Extracted records:
__________
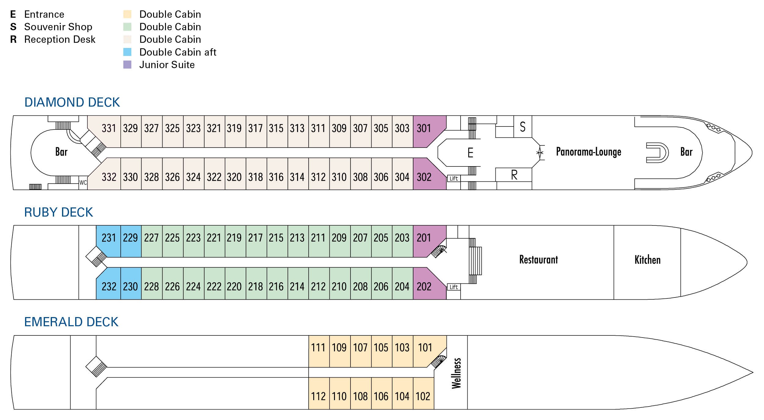 På MS VIVA TIARA som er nyrenoveret i 2020, findes 76 eksklusivt indrettede hytter til 152 gæster. Størstedelen af kahytterne på Diamond, Ruby og Emerald dækkene er 15 m² 2-sengs kahytter. Herfra du kan nyde det forbipasserende landskab via de fransk altaner på Diamond og Rubin dækkene. På Diamond dækket er der yderligere to juniorsuiter på 19 m², som også har en fransk altan. Ruby Deck har to lidt mindre, 17 m² juniorsuiter, også med fransk altan. Kahytterne på Emerald Deck har vinduer, der ikke kan åbnes. Alle kahytter er perfekt udstyret med fladskærms-tv, inkluderet minibar, Nespresso®-maskine, skønhedsprodukter fra RITUALS®, hårtørrer, pengeskab, aircondition, bad og toilet. En elevator forbinder lobbyen med Diamond Deck, Ruby Deck og restauranten. På MS VIVA TIARA kan gæsterne udover hovedrestauranten Riverside nyde en bistro inkluderet i VIVA All-Inclusive samt et wellnessområde med blandt andet sauna og dampbad samt solterrasse med spabad og mange liggestole og andre siddepladser.
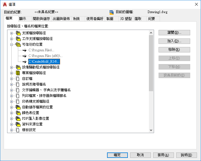 將 C:\CenterMold_R14\... 加入 AutoCAD 可信任位置,按確定。 (範例說明: CenterMold 安裝在 C:\CenterMold_R14)
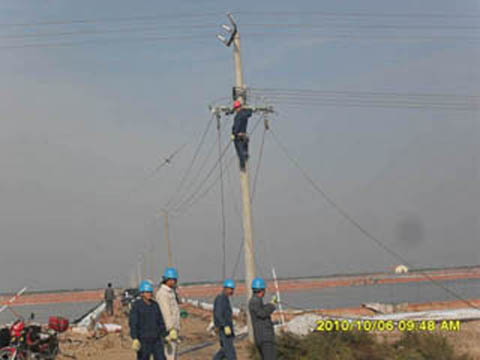 國慶期間,灌西供電所全體職工堅守崗位,工作在中國華能風力發(fā)電接電線路、集團公司礦鹵二期工程作業(yè)施工現(xiàn)場。(圖為工人正在架設線路)(楊守全)
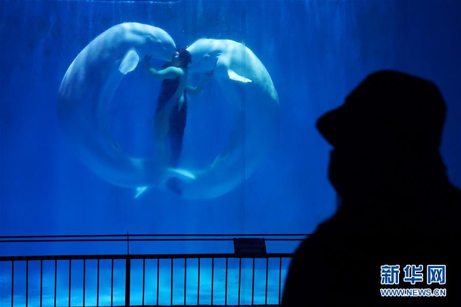 3月23日,游客在哈爾濱極地館觀賞白鯨表演。當日,哈爾濱極地館恢復(fù)營業(yè)。目前,極地館日接待人數(shù)不超過400人,園區(qū)采取分時段、間隔性辦法安排游客有序入園。游客實名預(yù)訂門票,入園要配合測溫、佩戴口罩、掃描“龍江健康碼”,刷身份證入館。新華社記者王建威攝
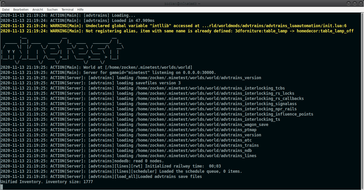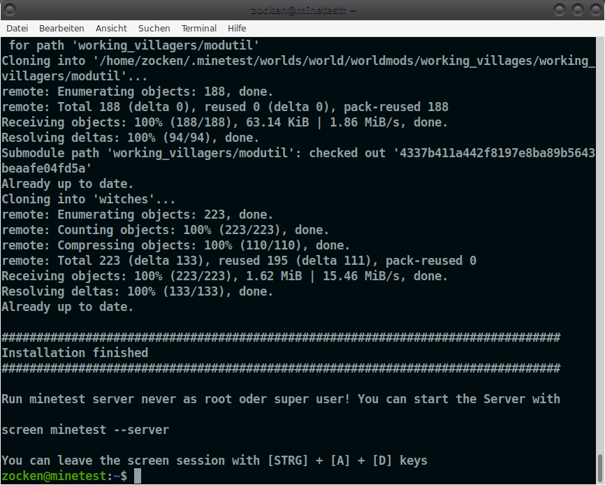 Vergewissern das der vollständig geladen wurde und mit STRG + A + D die Screen Session verlassen. Die Session selbst und somit der Minetest Server laufen weiter, auch wenn Ihr die Session verlassen habt.
__________
Work order: With all pictures excluded, output exactly the lines from the one containing "國慶期間,灌西供電所全體職工" through the final line of the entries, inclusive.

Output for this task:
 國慶期間,灌西供電所全體職工堅守崗位,工作在中國華能風力發(fā)電接電線路、集團公司礦鹵二期工程作業(yè)施工現(xiàn)場。(圖為工人正在架設線路)(楊守全)
 3月23日,游客在哈爾濱極地館觀賞白鯨表演。當日,哈爾濱極地館恢復(fù)營業(yè)。目前,極地館日接待人數(shù)不超過400人,園區(qū)采取分時段、間隔性辦法安排游客有序入園。游客實名預(yù)訂門票,入園要配合測溫、佩戴口罩、掃描“龍江健康碼”,刷身份證入館。新華社記者王建威攝
 Vergewissern das der vollständig geladen wurde und mit STRG + A + D die Screen Session verlassen. Die Session selbst und somit der Minetest Server laufen weiter, auch wenn Ihr die Session verlassen habt.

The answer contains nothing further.